(Beginning of Supplied data)
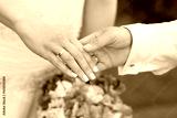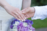 Hands of just married couple with golden wedding rings and sweet pea flowers at the background
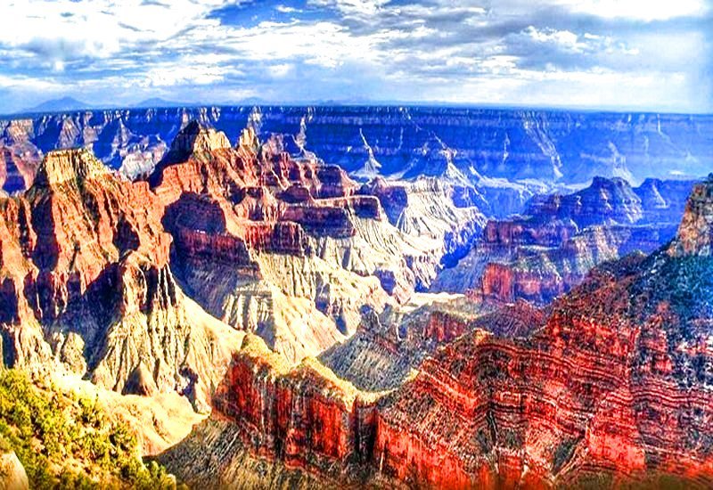 [그랜드캐니언]은 미 애리조나 州 북부에 있는 거대한 대협곡으로 콜로라도 강이 콜로라도 고원을 가로질러 흐르는 곳에 20억 년 전 형성됐다 한다. 협곡의 길이만도 447㎞이고 깊이 또한 1,500m라니 드넓고 깊은 협곡은 그야말로 불가사의한 경관을 보여주고 있다.
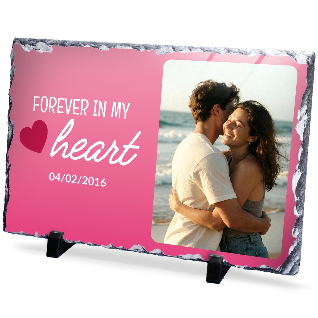 Say ‘goodbye’ to standard custom picture frames and ‘hello’ to custom rock slate frames! To make a custom slate photo frame, we use the latest in sublimation printing technology, ensuring your favorite slate pictures never peel or fade. Choose one of our premium custom templates, upload a photo, align and set your photo on the slate just the way you like, add text, and get ready to add functional home decor with a modern touch to your favorite spaces. It’s that easy to make a slate photo print.
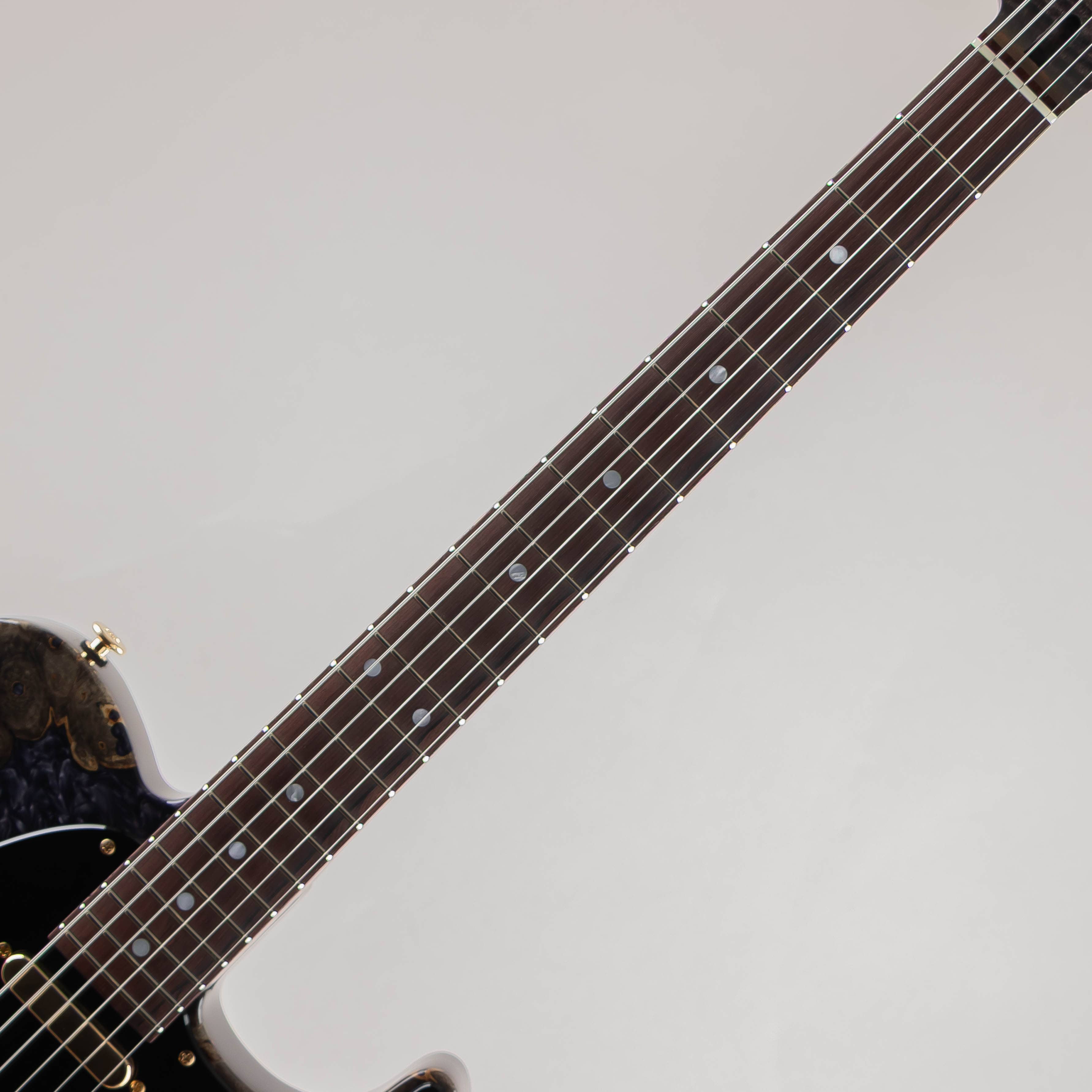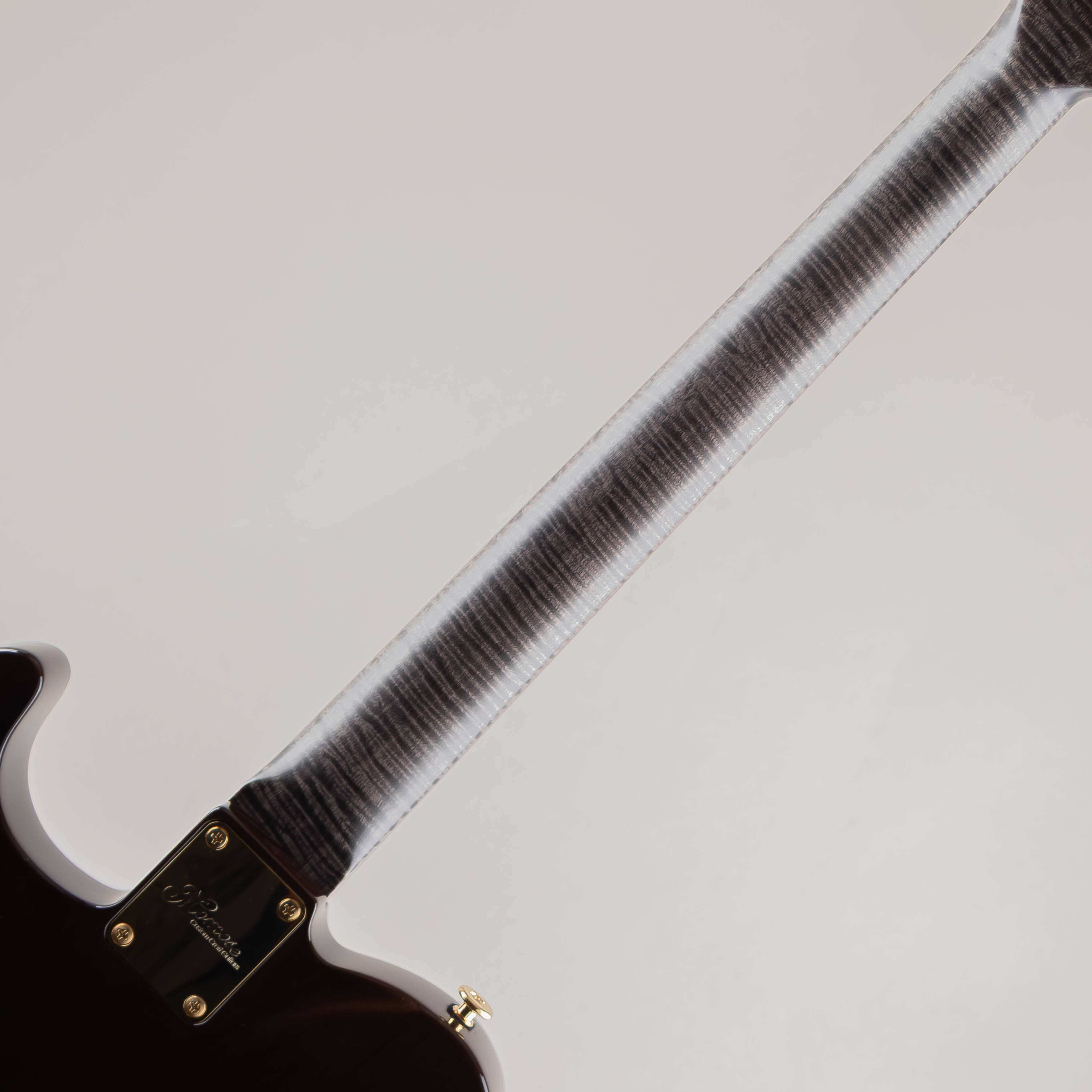 近年希少性が増しているマダガスカルローズウッドを指板に使用、ネックにはヘッドストックの先端まではっきりと杢目の出たグレードの高いフレイムメイプルとなっており、手触りも非常に滑らかに仕上げられ演奏性の高さに加えルックスも高級感溢れる仕上がりとなっております。
(End of Supplied data)
Print the material above word for word, first line through the line with "[그랜드캐니언]은 미 애리조나", and leave every picture out.

 Hands of just married couple with golden wedding rings and sweet pea flowers at the background
 [그랜드캐니언]은 미 애리조나 州 북부에 있는 거대한 대협곡으로 콜로라도 강이 콜로라도 고원을 가로질러 흐르는 곳에 20억 년 전 형성됐다 한다. 협곡의 길이만도 447㎞이고 깊이 또한 1,500m라니 드넓고 깊은 협곡은 그야말로 불가사의한 경관을 보여주고 있다.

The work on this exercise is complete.